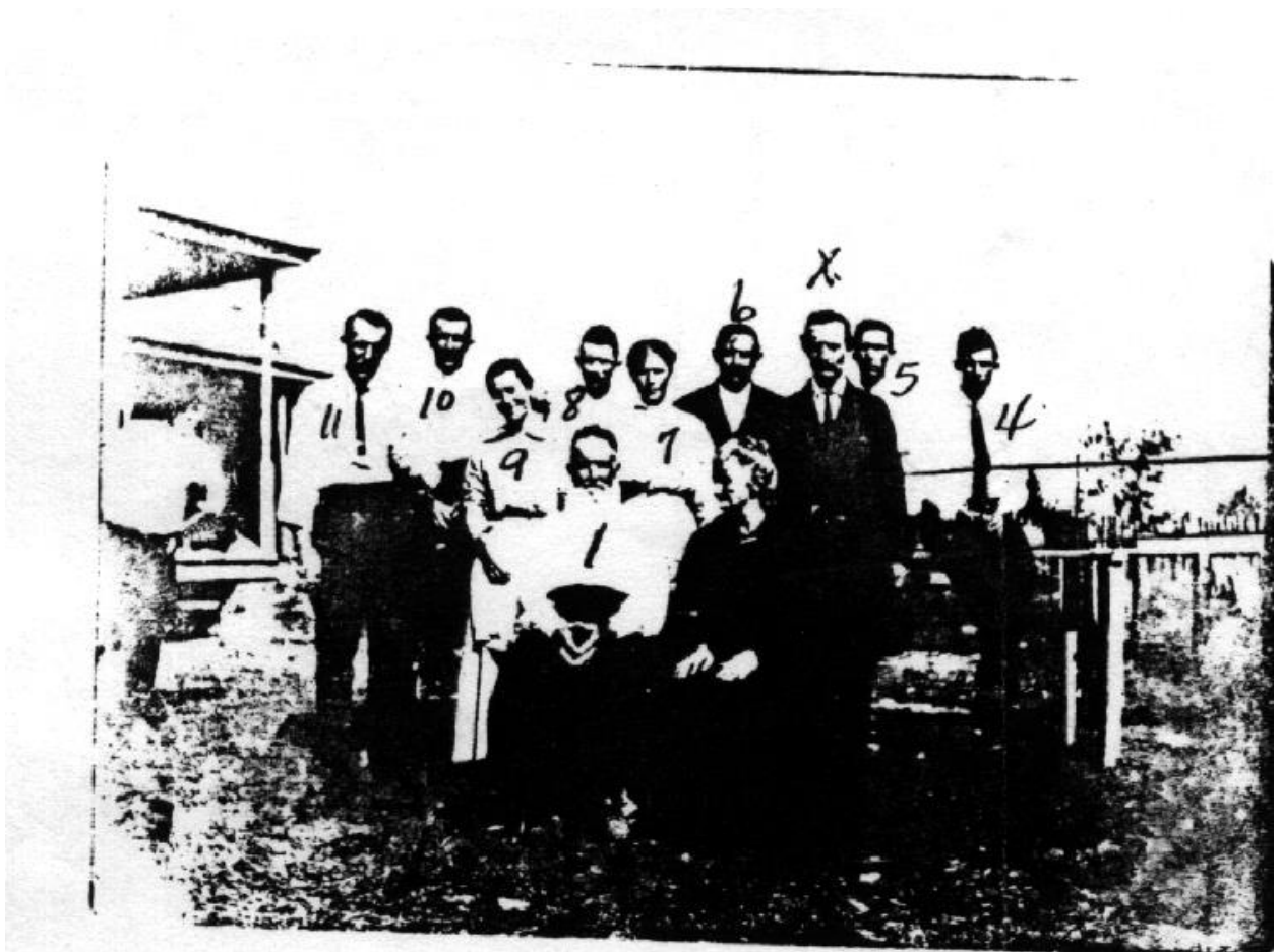
Abt 1910 FAMILY Portrait
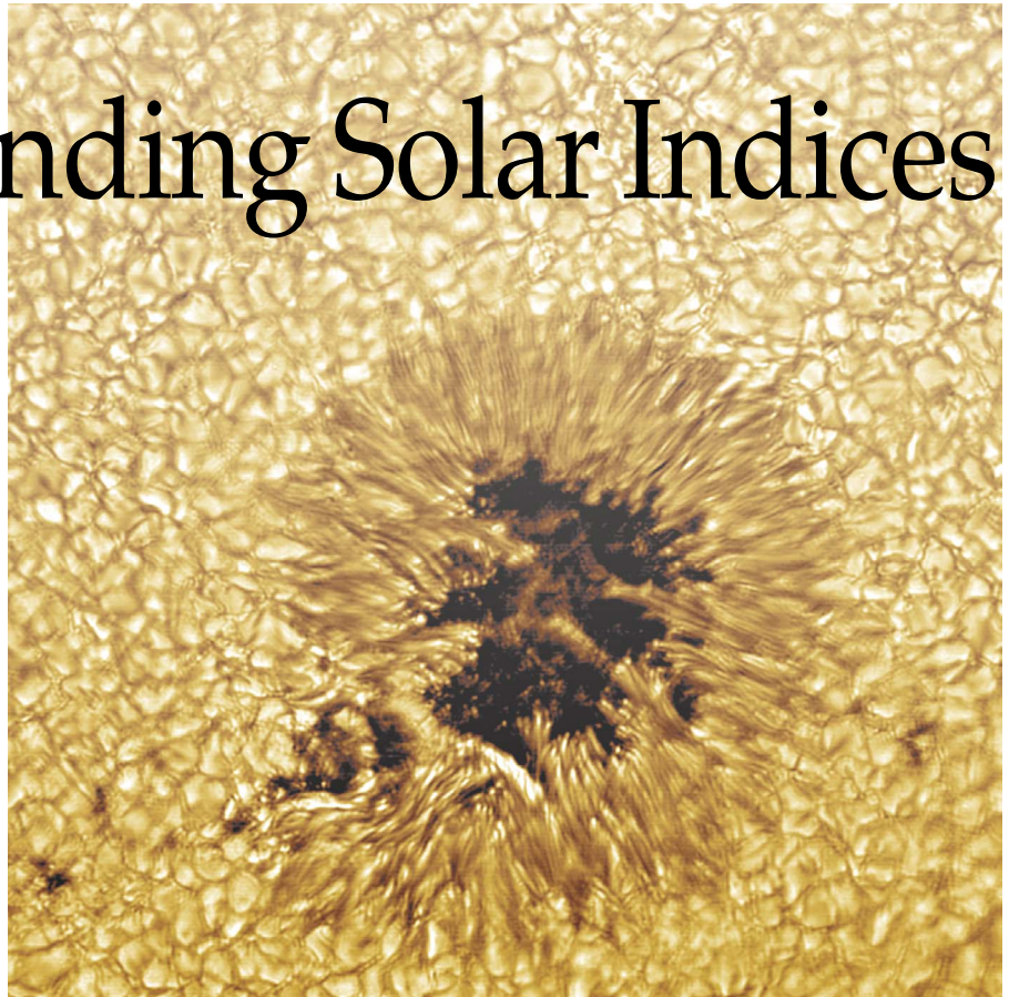
An ultra-close view of a sunspot taken by the NSO Sacramento Peak Vacuum Tower Telescope.

Conditions are continually varying on the HF bands as a result of the varying levels of ionization in the ionosphere. The radiation coming chiefly from the Sun hits the upper ionosphere, causing molecules to ionize, creating positive ions and free electrons. A state of "dynamic equilibrium" exists. The free electrons that affect radio waves recombine with the positive ions to reform molecules. When levels of ionization are higher (when there are more free electrons) the
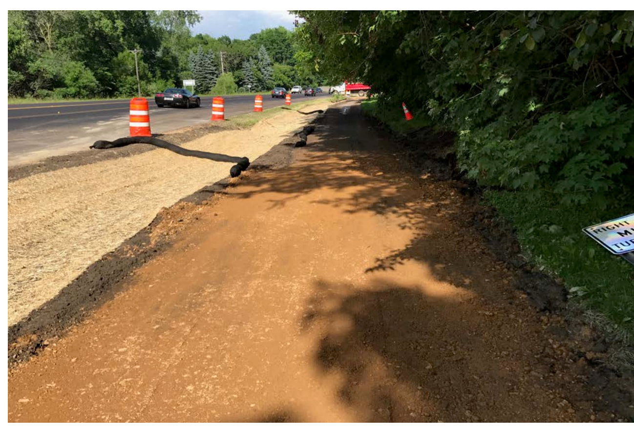
Restoration and temporary trail reconstruction following repair
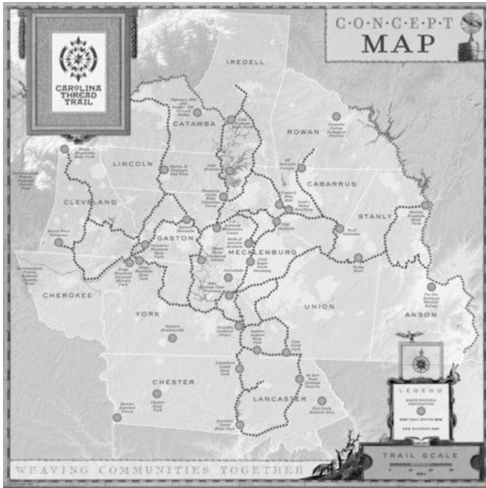
Figure 1 –Weaving Communities Together (Carolina Thread Trail)

especially prescient as it brought together the twin towers of preserving open space and providing access to that nature that was to be preserved. Initiated in 2007, five plus years later it has established a system of 113 miles of trails with a number of new projects in the planning stages. Covering fifteen counties in two states, it has involved urban, rural and suburban constituents in a unified vision. A mixture of public, private and nonprofit supporters have coalesced to fund and encourage its efforts, including private foundations and corporations. (Duke Energy and others).
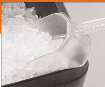
122-130 FOOD SERVICE EQUIPMENT
======
WORK ITEM:
Copy out every line of the data where the word "that" occurs.

RESULT:
Conditions are continually varying on the HF bands as a result of the varying levels of ionization in the ionosphere. The radiation coming chiefly from the Sun hits the upper ionosphere, causing molecules to ionize, creating positive ions and free electrons. A state of "dynamic equilibrium" exists. The free electrons that affect radio waves recombine with the positive ions to reform molecules. When levels of ionization are higher (when there are more free electrons) the
especially prescient as it brought together the twin towers of preserving open space and providing access to that nature that was to be preserved. Initiated in 2007, five plus years later it has established a system of 113 miles of trails with a number of new projects in the planning stages. Covering fifteen counties in two states, it has involved urban, rural and suburban constituents in a unified vision. A mixture of public, private and nonprofit supporters have coalesced to fund and encourage its efforts, including private foundations and corporations. (Duke Energy and others).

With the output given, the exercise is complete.